Fan-out-on-write vs fan-out-on-read.

• Choose fan-out-on-write (push) when reads dominate and follower counts are bounded: each feed is precomputed at post time, so reads are O(1) cache hits.
• Choose fan-out-on-read (pull) for write-heavy or highly skewed graphs: writes stay cheap; each read merges followees' posts at request time. A celebrity post under push triggers millions of timeline writes — pull avoids that.
• Production answer is usually hybrid: push for normal users, pull for celebrity authors, merge at read time.

Push vs pull.

• Choose push (WebSockets/SSE) when freshness is the product — chat, live scores, collaborative editing — and you can afford per-client connection state.
• Choose pull (polling) when seconds of staleness are fine: simpler, stateless, cache-friendly, self-rate-limiting.
• Long-polling is the middle ground when full WebSocket infrastructure isn't justified.

Sync vs async processing.

• Choose sync when the caller cannot proceed without the result (auth check, payment authorization) and the latency budget covers it.
• Choose async (queue + workers) when work is slow, bursty, or retryable — email, transcoding, fan-out — buying burst absorption and failure isolation.
• Async's bill: job-status tracking, results that appear later than the request, harder debugging. Budget for all three.

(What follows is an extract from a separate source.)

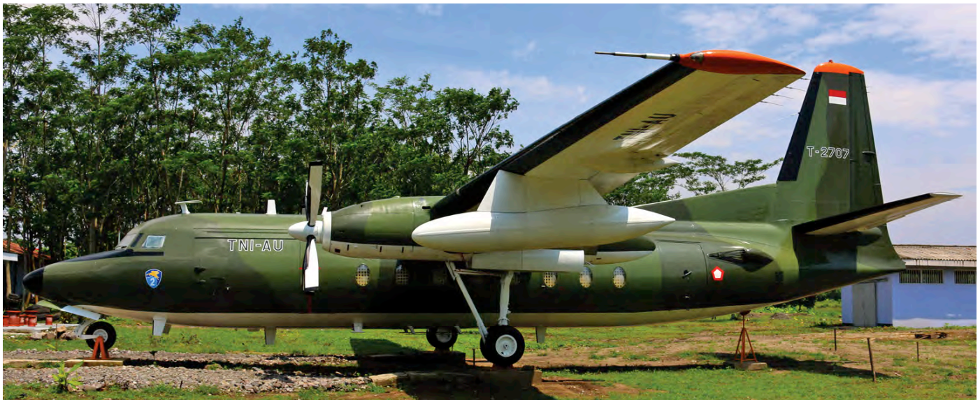
Preserved in the same museum as T-1301 is F27-400M T-2707. T-2707 is actually the old serial of A-2707, which was withdrawn from use in 2013, along with the other remaining Fokker 27s. (Yogyakarta, 28 January 2018, Robbert Snijders)

Strong vs eventual consistency.

• Choose strong when violating an invariant has real cost — balances, inventory, unique usernames — and accept the price in latency, and in availability during partitions.
• Choose eventual when staleness is invisible or tolerable — like counts, view counters, timelines — and accept conflict resolution plus "where did my write go" UX; mitigate with read-your-own-writes sessions.
• State the choice per data path, not per system — most designs need both.

Anti-patterns

• Designing before requirements — naming components before asking who uses the system and at what scale.
• No numbers anywhere — zero QPS, storage, or latency figures, so every sizing decision is a guess.
• "Just add more servers" — scaling answered without naming the actual bottleneck (write throughput? hot key? bandwidth?).
• Ignoring failure modes — no answer for cache loss, primary failover, queue backlog, or a lost region.
• Name-dropping tech without justification — "Kafka, Redis, Cassandra" as nouns, with no tradeoff tied to a requirement.
• Skipping the wrap-up — ending mid-component with no recap of the design, its tradeoffs, and next steps.